Freier insiste que l’un des
principaux imprévus auxquels doit se préparer l’armée des Etats-Unis est
un « violent bouleversement stratégique à l’intérieur des
Etats-Unis », qui pourrait être provoqué par un « effondrement
économique inattendu » ou le « disfonctionnement de l’ordre
politique et légal ».
Il écrit : « Dans la mesure où
des événements de ce type impliquent une violence organisée contre les
autorités locales, étatiques et nationale, et que ces dernières n’ont pas
la capacité de rétablir l’ordre public et de protéger les populations
vulnérables, le DD [département de la Défense] serait appeler à combler les
lacunes. »
Freier poursuit : « Une violence
civile généralisée à l’intérieur des Etats-Unis forcerait
l’establishment de la défense à réorienter ses priorités in extremis pour
défendre l’ordre fondamental au pays… Un gouvernement américain et
un establishment de la défense endormis par une longue période de sécurité au
pays seraient forcés de renier certains ou la plupart de leurs engagements de
sécurité externes afin de réagir à l’insécurité humaine croissant
rapidement au pays. »
Autrement dit, une intensification marquée
de l’actuelle crise capitaliste accompagnée d’une éruption de lutte
de classe et la menace de révolution sociale aux Etats-Unis pourraient forcer
le Pentagone à rappeler ses armées de l’Irak et de l’Afghanistan
pour les utiliser contre les travailleurs américains.
Dans de telles conditions, il ajoute :
« Le DD pourrait se voir forcé par les circonstances de placer ses importantes
ressources à la disposition des autorités civiles pour maintenir et contrer les
menaces violentes à la tranquillité domestique. Dans les circonstances les plus
extrêmes, cela pourrait signifier l’emploi de la force militaire contre
des groupes hostiles à l’intérieur des Etats-Unis. De plus, le DD
deviendrait, par nécessité, le centre essentiel pour la continuité de
l’autorité politique dans le contexte d’un conflit civil dans
plusieurs Etats ou à l’échelle nationale.

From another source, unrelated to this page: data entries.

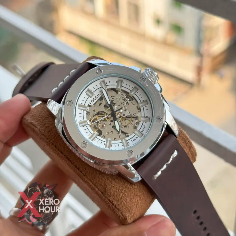 Fossil Automatic Leather Belt Watch | Brown Belt Silver Body
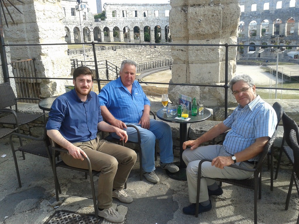 Il 27.6.2014 ha avuto luogo una visita a Pola. La delegazione aquileieiese era composta da una rappresentanza della Presidenza dell’ANPI di Aquileia: Luca Moimas, Flavio Banelli e Lodovico Nevio Puntin, quest’ultimo anche nella veste di Presidente della Fondazione istituto civico aquileiese “Valmi Puntin”. Nella foto scattata davanti all’Arena “romana” di POLA si riconoscono Adriano Ruiba, Vice Presidente dell’Associazione dei partigiani di Pola che in mattinata ci ha ricevuto, assieme al presidente ed al partigiano Venicio originario di Monfalcone, presso la Casa degli antifascisti. Oggetto dell’incontro è stato lo scambio di informazioni sul controesodo avvenuto all’iizio degli anni ’50 di molte famiglie di Monfalconesi e della Bassa friulana prima attratte nell’istria Yugoslava di Tito (Pola, Fiume ecc.) e poi ritornate in Italia. I compagni di Pola, con molta disponibilità collaborativa, hanno incaricato un ricercatore universitario per effettuare ricerche sugli archivi amministrativi di Pisino, dove si dovrebbe trovare traccia dei nomi di persone o famiglie originarie del monfalconese e della bassa friulana, in particolare di Aquileia e Comuni confinanti, in quel periodo presenti a Pola.
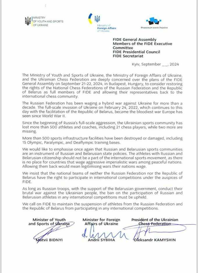 Міністерство молоді та спорту України, Міністерство закордонних справ України та Федерація шахів України глибоко стурбовані планами Генеральної Асамблеї ФІДЕ 2–22 вересня 2024 року в Будапешті, Угорщина, розглянути можливість відновлення права національної шахової федерації російської федерації та республіки білорусь як повних членів ФІДЕ, що дозволить їх представникам повернутися до міжнародної шахової спільноти.
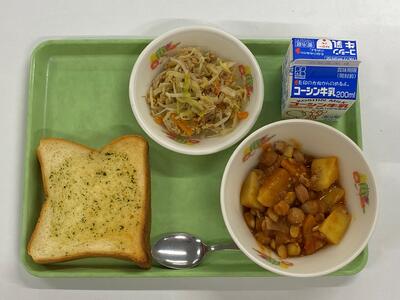 牛乳 ガーリックトースト ツナとキャベツの和え物 ポークビー
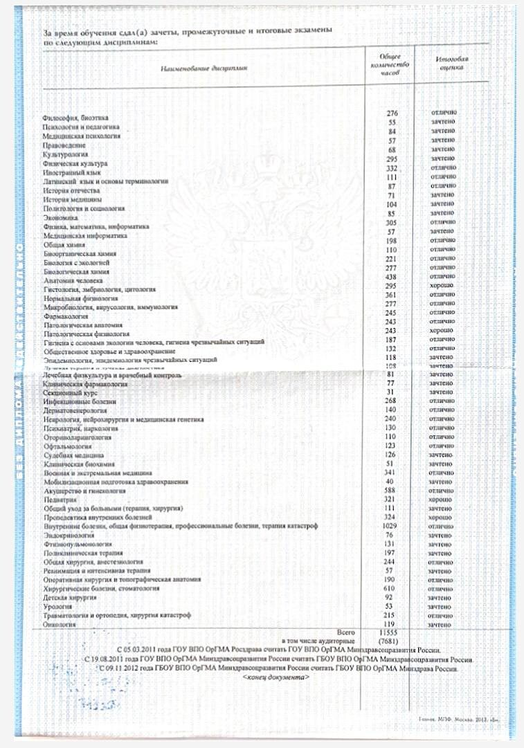 2013-2014 гг. – интернатура по специальности «Терапия» при ГБОУ ВПО «Оренбургская государственная медицинская академия» Министерства здравоохранения Российской Федерации.

Cette formulation étrange : « le
centre essentiel pour la continuité de l’autorité politique », est
un euphémisme pour dictature militaire.
Il termine cette section de l’article
en notant que, « le DD est déjà mis à l’épreuve par les efforts de
stabilisation à l’étranger. Imaginez ce qu’impliquerait la même
chose mais à beaucoup plus grande échelle au pays ».

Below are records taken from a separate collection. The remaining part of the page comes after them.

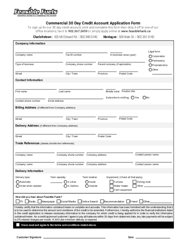 Clear Noncommercial 30 Day Credit Account Application Form sign up for our 30-day credit account, print and complete this form then drop it off to one of our office locations, fax it to 902.367.2459
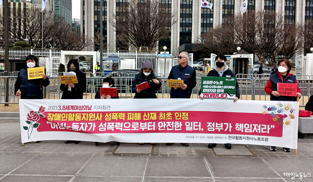 전국활동지원사노조(위원장 김영이)는 8일 오전 정부 서울청사 앞에서 기자회견을 열고 “성폭력을 당해 긴 고통의 시간을 보내고 있는 피해자에게 위로가 되고, 활동지원사들에게 용기를 주는 소식이기를 바란다”고 밝혔다.
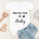 Protegido por, Segurança Canina ! Deixe todos saberem qual é o melhor cão e o novo guarda-costas na casa acolhedora do seu novo bebê com esta roupa de bebê engraçada para cães. “Protegido por...o nome do seu cão" com pegada de pata. Presente perfeito para o chá de bebê para uma mãe de cachorro, este body de bebê para amantes de cães será o favorito! DIREITOS AUTORAIS © 2020 Judy Burrows, Black Dog Art - Todos os Direitos Reservados. DIREITOS AUTORAIS © 2020 Judy Burrows, Black Dog Art - Todos os Direitos Reservados. Body Personalizado Protegido por Cão para Bebê
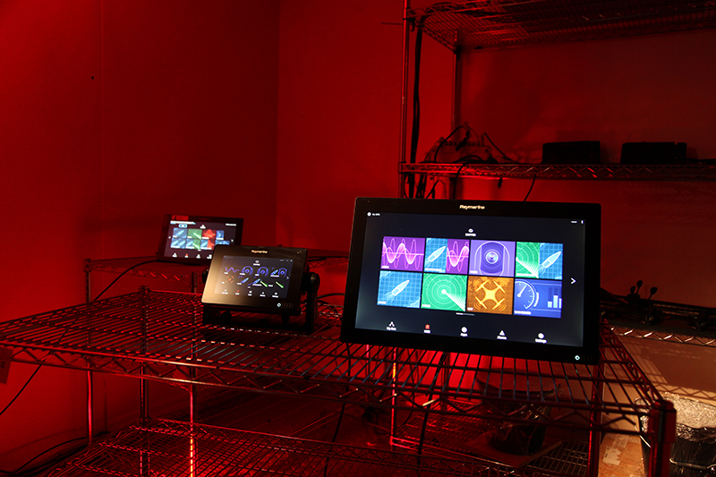 Наблюдать за тем, как проводятся подобные тесты, просто поразительно. Экскурсия по испытательному центру Raymarine начинается с термических камер, где оборудование многократно тестируется холодом и влагой в течение ночи, чтобы понять, как оно запускается, перезапускается и функционирует в широком диапазоне температур от -25 до 55 °C, а также выдерживает хранение вне рабочего режима в диапазоне от -30 до -70 °C.
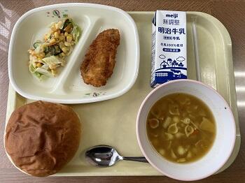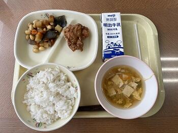 麦ごはん 鶏肉のから揚げ 五目煮豆 干ぴょう入りかき玉汁
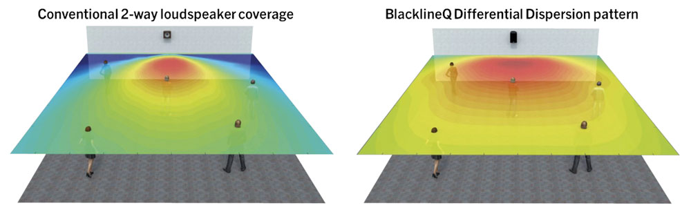 For the first time in its class, both full-range two-way point source systems and column speakers feature Differential Dispersion technology which focusses the energy the in the top of the waveguide into a tighter horizontal pattern for improved projection into the far-field.
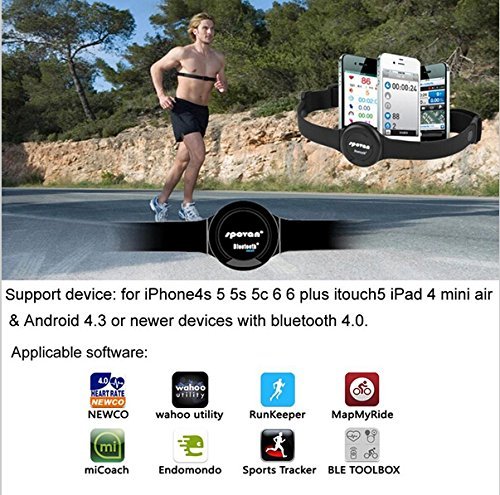 -. Feature : Wireless chest strap to monitor your heart rate. / Support device: iPhone4s 5 5s 5c 6 6 plus itouch5 iPad 4 mini air & Android 4.3 or newer devices with bluetooth 4.0. / Applicable software: NEWCO, wahoo utility, RunKeeper, MapMyRide, mi, Endomomdo, Sports Tracker, BLE TOOLBOX. / 3ATM waterproof. / Wireless Heart Rate Monitor Spovan Chest Strap Belt
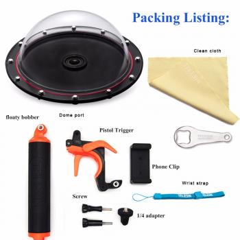 Dome Port ini membuat Anda dapat mengambil efek foto belahan air dan udara secara jelas. Dapat digunakan untuk kamera aksi GoPro Hero 5, GoPro Hero 6 dan dikombinasikan dengan floaty Grip Bobber. Dilengkapi dengan pistol Trigger untuk memudahkan anda mengambil gambar di dalam air hanya dengan menggunakan 1 tangan saja.
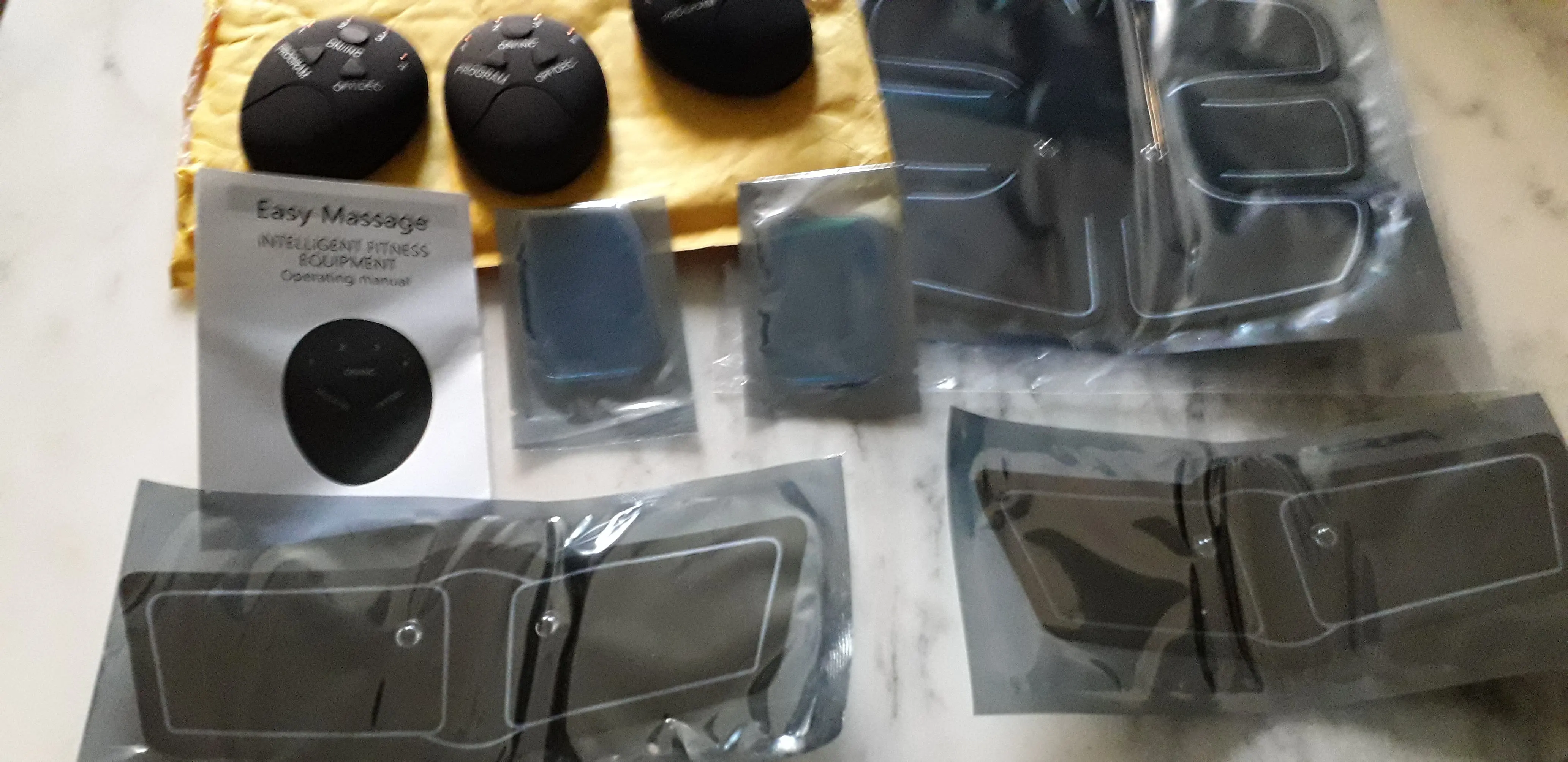 Доставка в Краснодар 3 недели. качество исполнения на высоте. мышцы дёргает прилично. Программы как в описании. о результатах говорить рано, но все целое, качественное,. рабочее. Заказывал полный комплект, батареек на 1 устройство нужно 2 шт. ааа в комплекте нет, на весь набор 8 батареек закупаете. В целом все понравилось.

Le message est clair. Ayant échoué à
étouffer la résistance et rétablir l’ordre en Irak et en Afghanistan,
quelles seraient les chances de l’armée de réussir une occupation des Etats-Unis
mêmes.
Le fait que ces questions soient posées par
les stratèges du Pentagone doit être pris très au sérieux. Ceux qui commandent
les forces armées de l’Etat capitaliste américain anticipent que la crise
actuelle va créer les conditions pour la révolution et se préparent en conséquence.